Their Symptoms Can Differ From Adults
Children have been known to get a whole set of different symptoms — adding to the uncertainty of the virus that has killed more than 133,000 people nationwide. The varying symptoms make it especially harder to pinpoint.
In the United States and the United Kingdom, hospitalized children between ages 2 and 15 had a condition doctors called multisystem inflammatory syndrome. The symptoms are similar to toxic shock syndrome and Kawasaki disease, which cause inflammation in the walls of blood vessels. In rare cases, it can lead to deadly limitations in blood flow.
Many of the children tested positive for COVID-19 or had its antibodies but they didn’t necessarily have typical coronavirus symptoms such as respiratory distress. Their symptoms included a high temperature along with a rash, swollen neck glands, hands and feet, dry cracked lips and redness in both eyes.
Coronavirus causes a wide variety of symptoms in children, according to a study published in an American Academy of Pediatrics journal.
In that study, Dr. Rabia Agha and colleagues from Maimonides Children’s General Hospital in Brooklyn studied 22 children with coronavirus. They found most did not have classic symptoms. Fifteen patients had a fever and nine had respiratory symptoms. Two had seizures and two were entirely asymptomatic.

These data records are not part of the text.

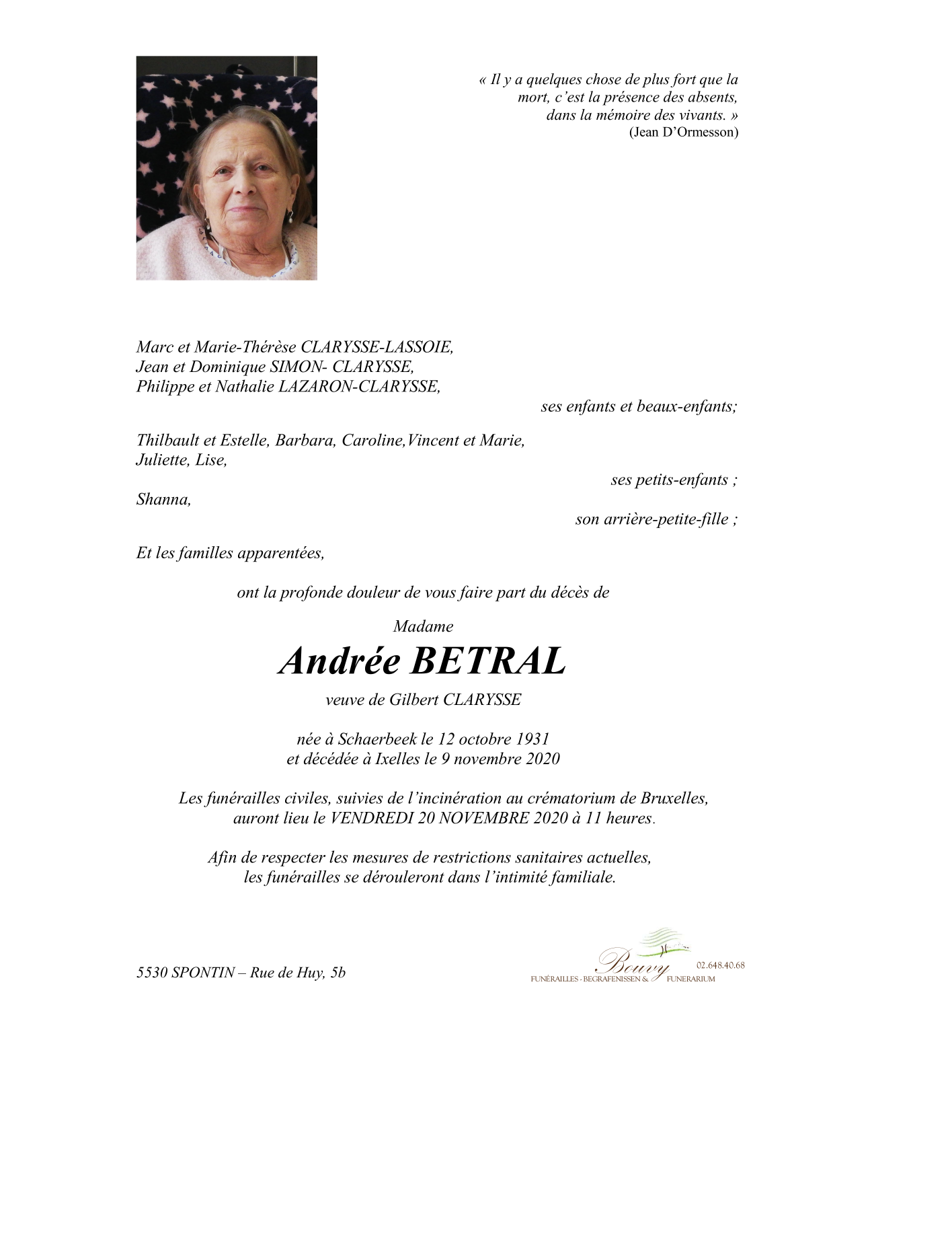 Décédée à Ixelles (1050) le lundi 9 novembre 2020 à l'âge de 89 ans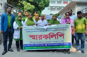 নার্সিং অধিদপ্তর একীভূতকরণের প্রতিবাদে যশোরে নার্সদের মানববন্ধন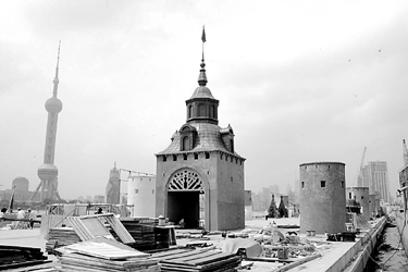 为迎接“哥德堡”号的到来,北外滩码头正抓紧搭建仿古城堡。本报记者刘定传摄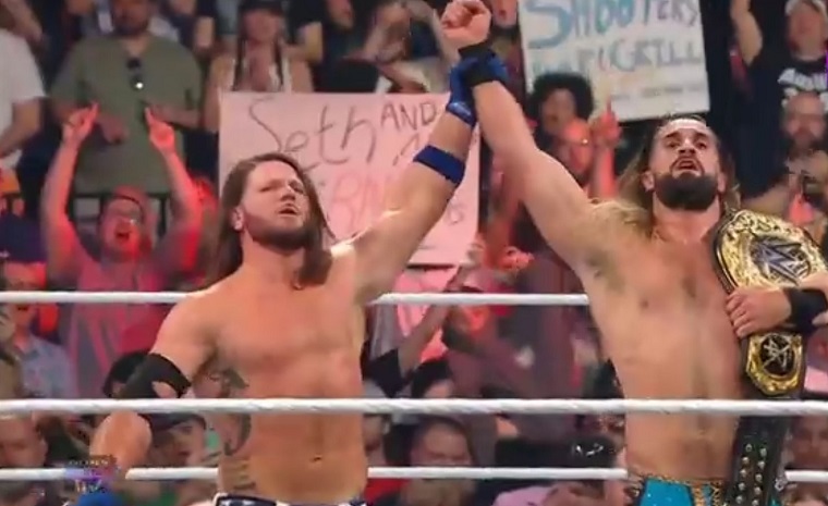 Balor blind tagged in but Rollins avoided a Coup de Grace and hit a superkick to buy time. Priest avoided a Phenomenal Forearm and hit a Razor’s Edge for a pin attempt Rollins broke up with a Stomp and Styles tagged him in.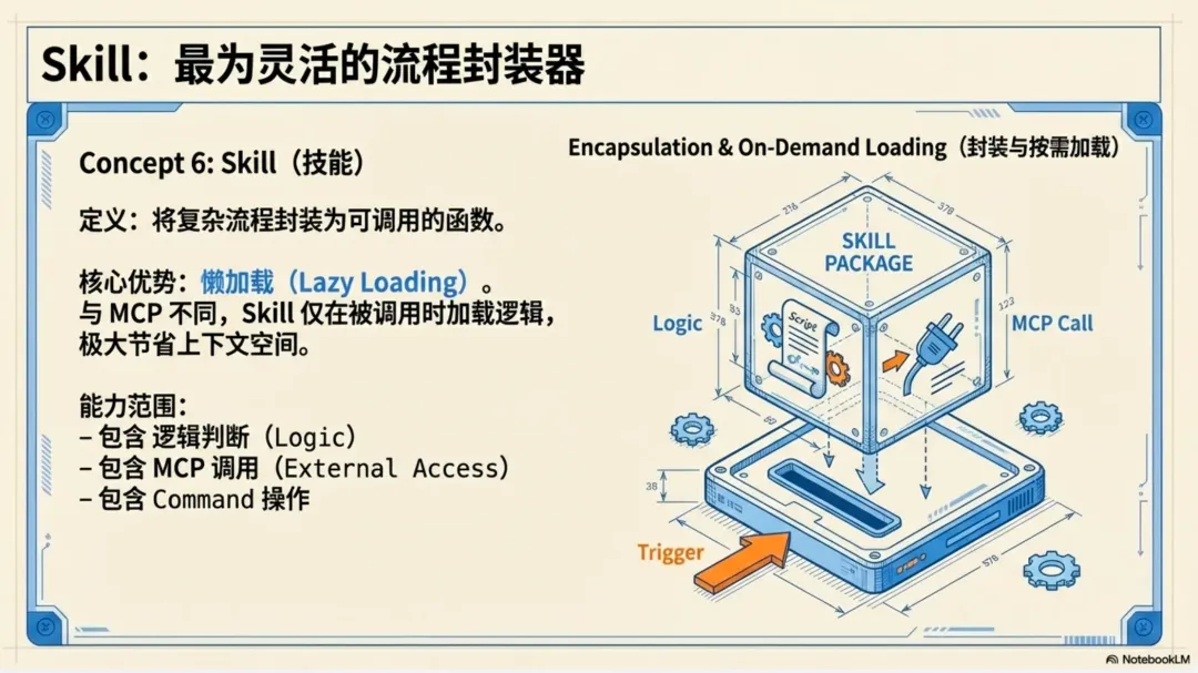 ⑥ 技能:封装复杂流程,按需加载省空间,可集成其他概念功能;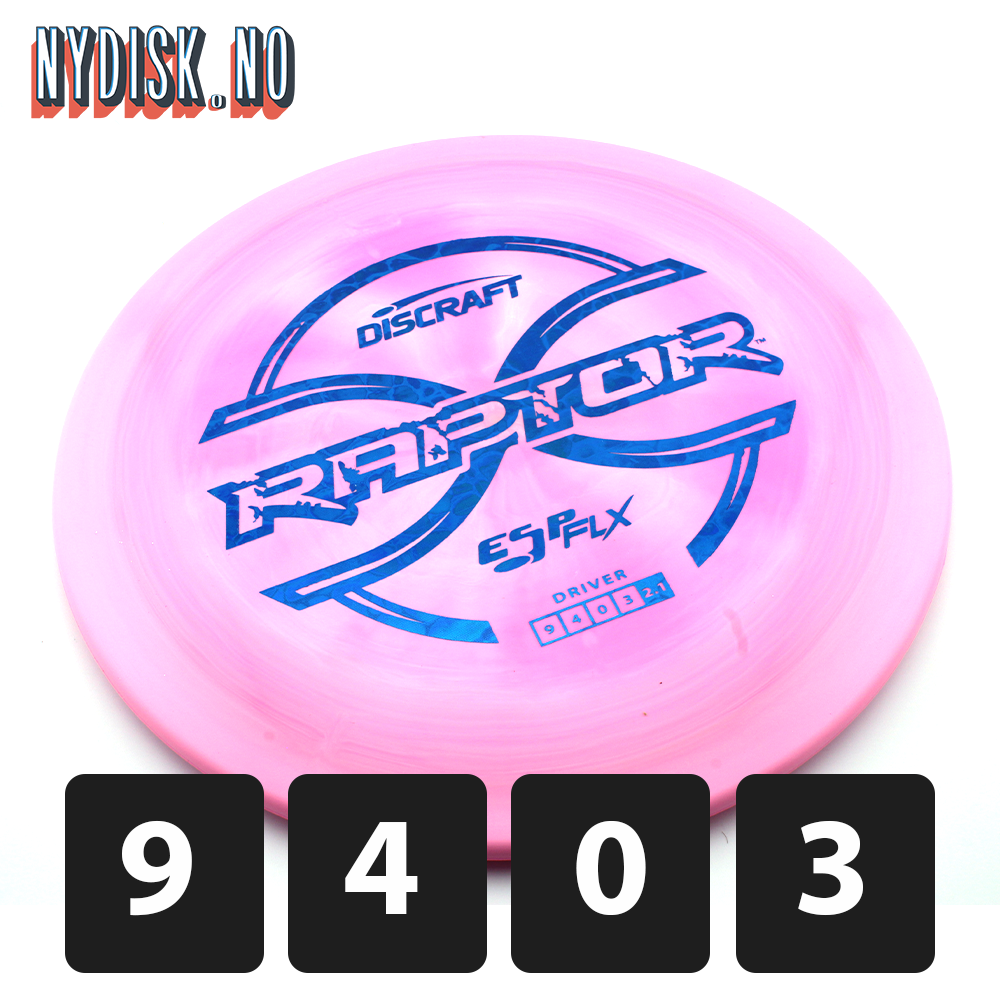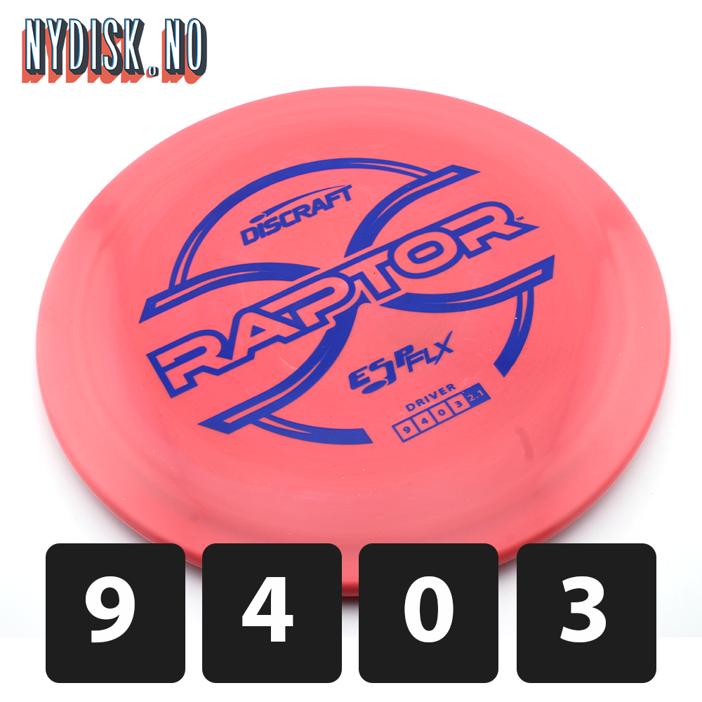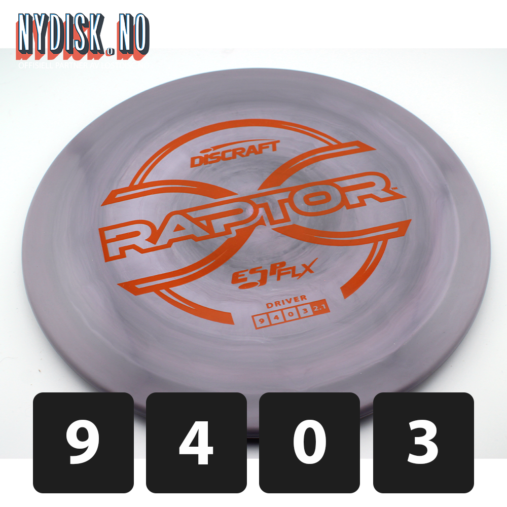 Discraft ESP FLX Raptor er en overstabil fairway driver fra Discraft. Disken er svært allsidig og kan brukes til både backhand flex og hyzerkast samtidig som den er en av de mest populære diskene på markedet til forehandkast. Raptor er kjent for å tåle høye hastigheter uten å miste den overstabile karakteristikken sin og vil jobbe seg tilbake om den kastes på anhyzer-vinkel.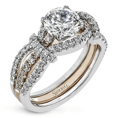 This stunning wedding set features a unique, modern design and is accented with shimmering white diamonds.

Research Focused On Children Is Limited
It’s been about six months since coronavirus started ravaging the world, and health officials are learning as they go along. And while numerous tests have been conducted to get more insight on the pathogen, not many have been focused on pediatric cases.
“COVID-19 is so new that we don’t have nearly enough research on it for adults, let alone for children,” Cohen said. “We can’t say definitively that the risks of them returning to school are minimal. Much more research still needs to be done.”
Unlike the flu, which has consistently shown that schools and children are major transmission instruments in communities, not as much is know on the coronavirus, said Dr. Robert Redfield of the Centers for Disease Control and Prevention.
“We really don’t have evidence that children are driving the transmission cycle of this,” he said.
However, he added, the ability of this virus to cause significant illness in children “is very, very — very limited.”
The US data is incomplete because the country has not been testing enough children to determine how widespread the virus is, said Deborah Birx, a member of the White House coronavirus task force.
“If you look across all of the tests that we’ve done … the portion that has been the lowest-tested portion is the under-10-year-olds,” Birx said. “So we’re putting into place other ways to get testing results from them and … try to really figure this out.”
Researchers are working on a saliva test that’ll make it easier to test children.
A majority of children under 18 don’t have symptoms, she said. And until health officials get more testing targeted to that age group, there’s no evidence on how many children die as a result of COVID-19.